● EXERCISE DESCRIPTION
Word for word, restate the lines from the one containing "- zwart aluminium" through the last line of the material, and include no pictures.

● PROVIDED MATERIAL
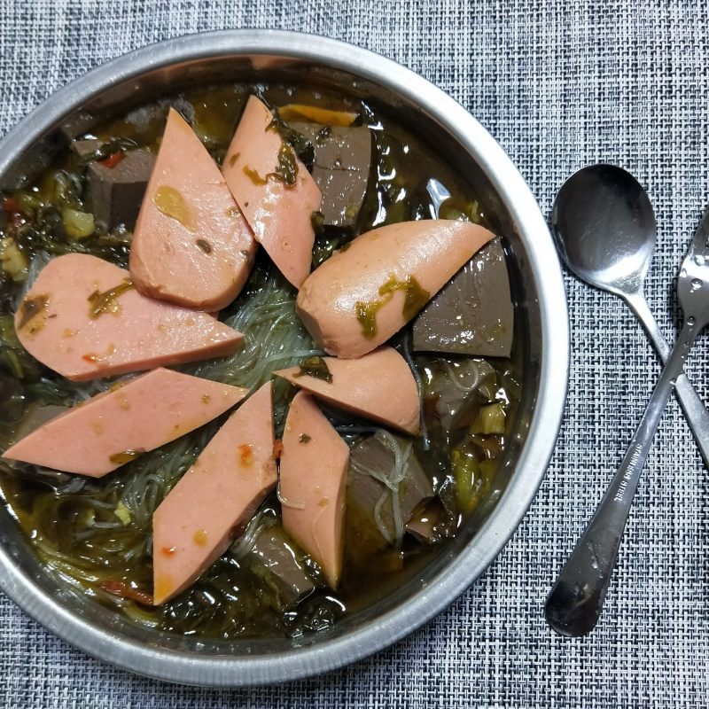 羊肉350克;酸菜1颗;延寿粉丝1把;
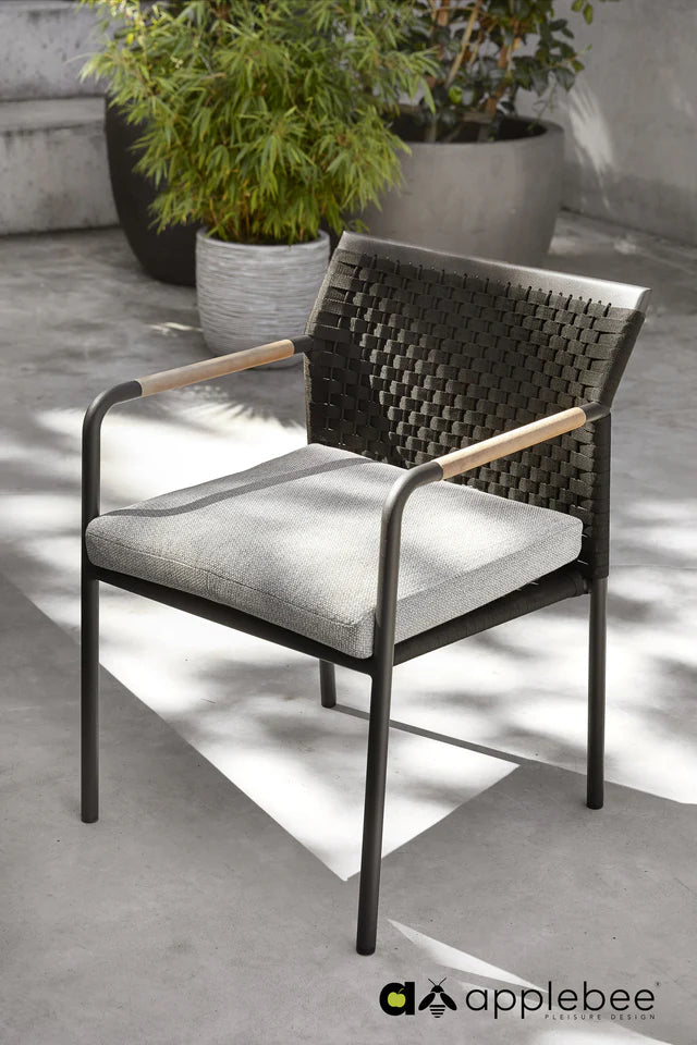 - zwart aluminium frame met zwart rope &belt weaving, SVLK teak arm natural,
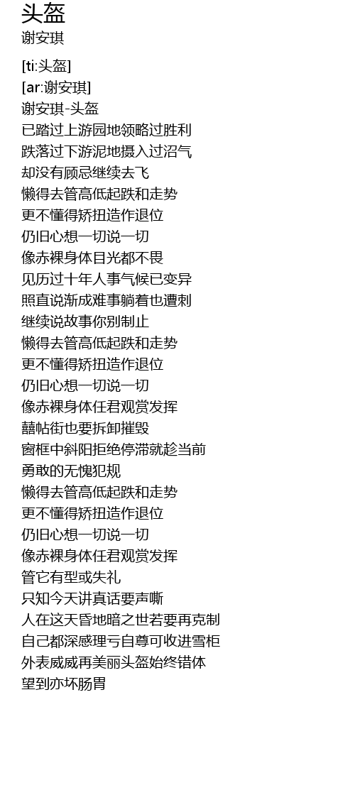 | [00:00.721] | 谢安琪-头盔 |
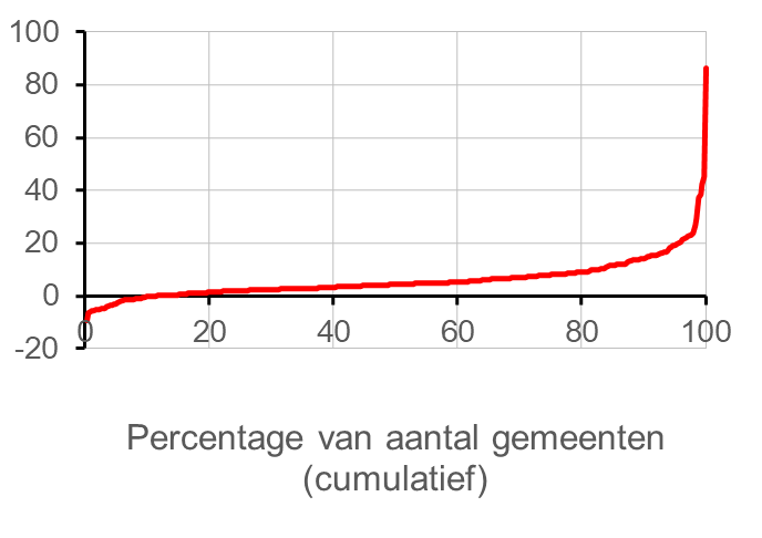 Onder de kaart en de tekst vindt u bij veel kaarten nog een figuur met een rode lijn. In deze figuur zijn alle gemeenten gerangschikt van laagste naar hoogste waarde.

● SOLUTION TO THIS EXERCISE
 - zwart aluminium frame met zwart rope &belt weaving, SVLK teak arm natural,
 | [00:00.721] | 谢安琪-头盔 |
 Onder de kaart en de tekst vindt u bij veel kaarten nog een figuur met een rode lijn. In deze figuur zijn alle gemeenten gerangschikt van laagste naar hoogste waarde.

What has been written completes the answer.